Seanad debates

Tuesday, 31 May 2005

Aviation Action Plan: Statements.

 

4:00 pm

Photo of Shane RossShane Ross (Independent)

I welcome this debate and appreciate the fact that the Minister comes into this House quite frequently and is willing to speak and listen to us, if not to take our suggestions on board. At least he attends the House and gives us the opportunity to make those suggestions. This debate, which may have been useful a little earlier, is unreal partly because the events being discussed have been decided in principle but also because the reasons the decisions have been made have little to do with those stated by the Government parties.

There were two driving forces in this great aviation debate, none of which have been mentioned in any of the speeches from the Government side. It is all very well to speak about great strategic interests, visionary decisions, long-term key directions and even to straddle the ideological divide between the Progressive Democrats and Fianna Fáil.

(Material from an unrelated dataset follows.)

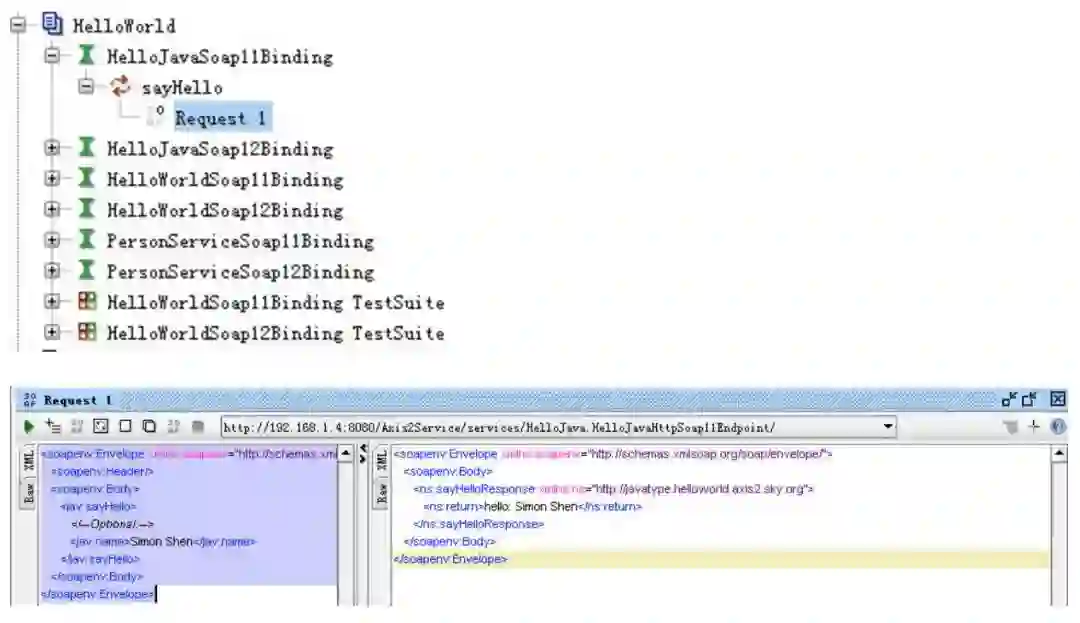 我们把这个Service的wsdl地址导入SOAP UI工具并生成模拟客户端,然后再来看看它的调用与返回值。
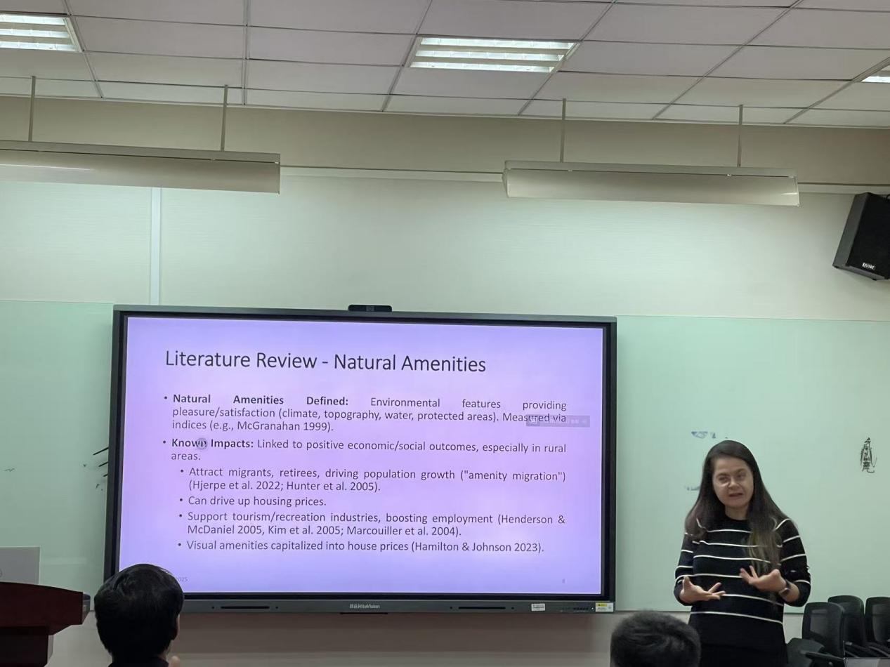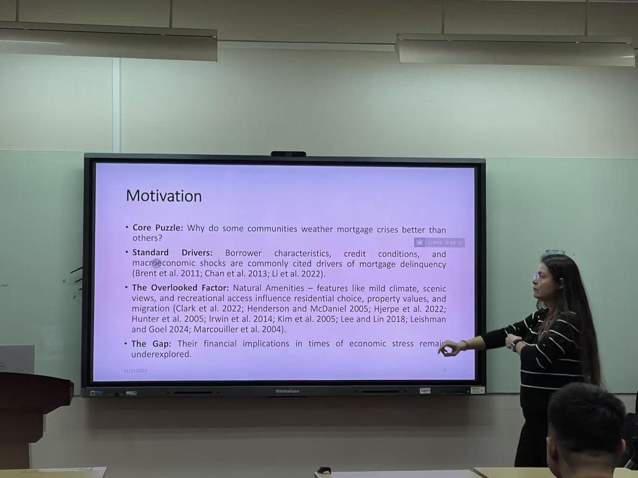 2026 年 1 月 7 日(周三)12:30-13:30,由首都经济贸易大学金融学院主办的首都金融论坛第 223 期暨论文研讨班第345期在明辨楼 304 教室成功举行。本次研讨活动以 “从稳定到风险:自然禀赋对抵押贷款的影响变迁”(From Stability to Risk: The Changing Impact of Natural Amenities on Mortgages)为核心主题,特邀加利福尼亚多明尼克大学金融学副教授阿斯利汗・吉泽姆・科尔克马兹(Aslihan Gizem Korkamz)博士担任主讲人,本次研讨由赵大萍副院长主持,陈里璇、刘贤达等多名教师及20余名硕博研究生线下参加。学院师生通过线下参与的方式,围绕自然禀赋与抵押贷款绩效的关联机制、金融危机前后的影响变迁等议题展开深度学术交流,现场研讨氛围热烈而浓厚。

Good financial and economic arguments have been made on both sides but the two motivating forces in this debate were purely political. Senator Burke touched on it. What decided the so-called "aviation action plan", a piece of PR spinning euphemism which will get into the lexicon of the Irish media if the Government has its way? This great plan was decided by a few handful of seats in north Dublin. That was the motivating force. It is regrettable that such an important decision on infrastructure should be decided by someone who is obsessed with the political consequences in his own backyard. I refer to the Taoiseach. That is acknowledged by those outside the political arena as being the truth of the matter and all other arguments are floss, dressed up as some justification for the decision. The Taoiseach would not have minded whether the second terminal went private, public, DAA, or to the entrepreneurs provided it guaranteed seats.

The other agenda driving this debate, to which the Minister referred unwittingly or otherwise, was the trade unions. The Minister referred, as far as I can recollect, to the trade unions three times regarding the necessity to consult with them on all occasions. The same tributes were not paid nor care taken to consult with business and, most important, little care was taken to consult with those who really matter, namely, the consumers.